◆ **Provided information**:
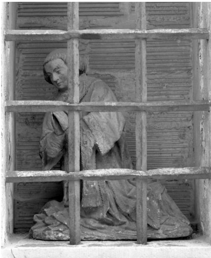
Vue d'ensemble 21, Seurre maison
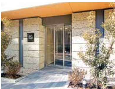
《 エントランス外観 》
* * *
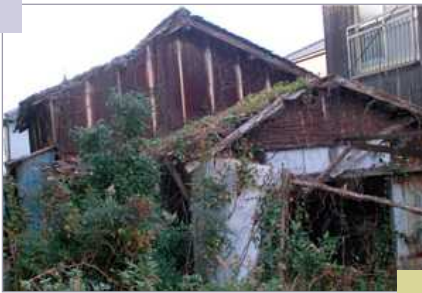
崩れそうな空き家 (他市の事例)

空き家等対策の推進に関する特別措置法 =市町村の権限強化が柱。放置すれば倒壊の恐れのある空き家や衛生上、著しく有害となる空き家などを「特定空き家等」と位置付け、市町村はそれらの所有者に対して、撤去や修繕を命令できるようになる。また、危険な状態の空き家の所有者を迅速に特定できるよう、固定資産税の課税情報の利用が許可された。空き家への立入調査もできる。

◆ **What you should do**: Starting at the line above that contains "崩れそうな空き家 (他市の事例)", repeat each line exactly up to and including the line that contains "空き家等対策の推進に関する特", and stop there.

◆ **Result below**:
崩れそうな空き家 (他市の事例)

空き家等対策の推進に関する特別措置法 =市町村の権限強化が柱。放置すれば倒壊の恐れのある空き家や衛生上、著しく有害となる空き家などを「特定空き家等」と位置付け、市町村はそれらの所有者に対して、撤去や修繕を命令できるようになる。また、危険な状態の空き家の所有者を迅速に特定できるよう、固定資産税の課税情報の利用が許可された。空き家への立入調査もできる。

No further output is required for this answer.